**** DATA PROVIDED
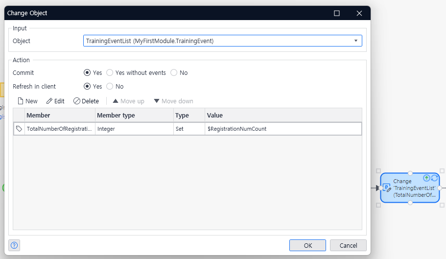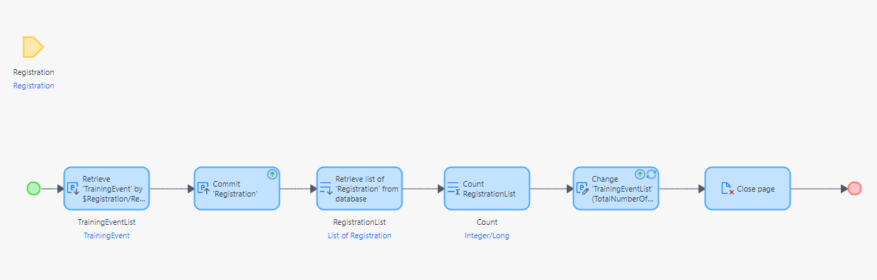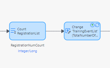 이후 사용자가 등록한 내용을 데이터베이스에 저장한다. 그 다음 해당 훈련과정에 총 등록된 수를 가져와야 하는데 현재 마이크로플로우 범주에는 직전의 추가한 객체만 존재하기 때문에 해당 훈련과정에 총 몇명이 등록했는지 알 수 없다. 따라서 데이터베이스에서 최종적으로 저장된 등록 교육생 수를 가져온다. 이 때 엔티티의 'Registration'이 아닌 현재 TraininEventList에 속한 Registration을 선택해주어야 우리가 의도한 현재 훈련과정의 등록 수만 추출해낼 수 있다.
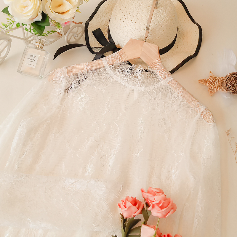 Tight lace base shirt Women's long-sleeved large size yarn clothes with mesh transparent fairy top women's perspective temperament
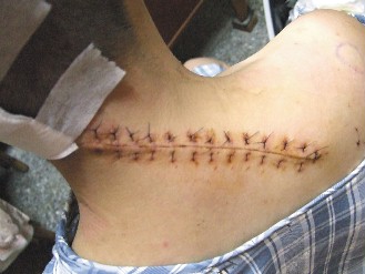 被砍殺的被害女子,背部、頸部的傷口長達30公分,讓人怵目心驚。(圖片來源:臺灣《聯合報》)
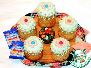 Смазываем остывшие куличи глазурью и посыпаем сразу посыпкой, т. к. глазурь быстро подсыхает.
********
## EXERCISE DIRECTIONS
Copy the data word for word, no pictures.

## REPLY
 이후 사용자가 등록한 내용을 데이터베이스에 저장한다. 그 다음 해당 훈련과정에 총 등록된 수를 가져와야 하는데 현재 마이크로플로우 범주에는 직전의 추가한 객체만 존재하기 때문에 해당 훈련과정에 총 몇명이 등록했는지 알 수 없다. 따라서 데이터베이스에서 최종적으로 저장된 등록 교육생 수를 가져온다. 이 때 엔티티의 'Registration'이 아닌 현재 TraininEventList에 속한 Registration을 선택해주어야 우리가 의도한 현재 훈련과정의 등록 수만 추출해낼 수 있다.
 Tight lace base shirt Women's long-sleeved large size yarn clothes with mesh transparent fairy top women's perspective temperament
 被砍殺的被害女子,背部、頸部的傷口長達30公分,讓人怵目心驚。(圖片來源:臺灣《聯合報》)
 Смазываем остывшие куличи глазурью и посыпаем сразу посыпкой, т. к. глазурь быстро подсыхает.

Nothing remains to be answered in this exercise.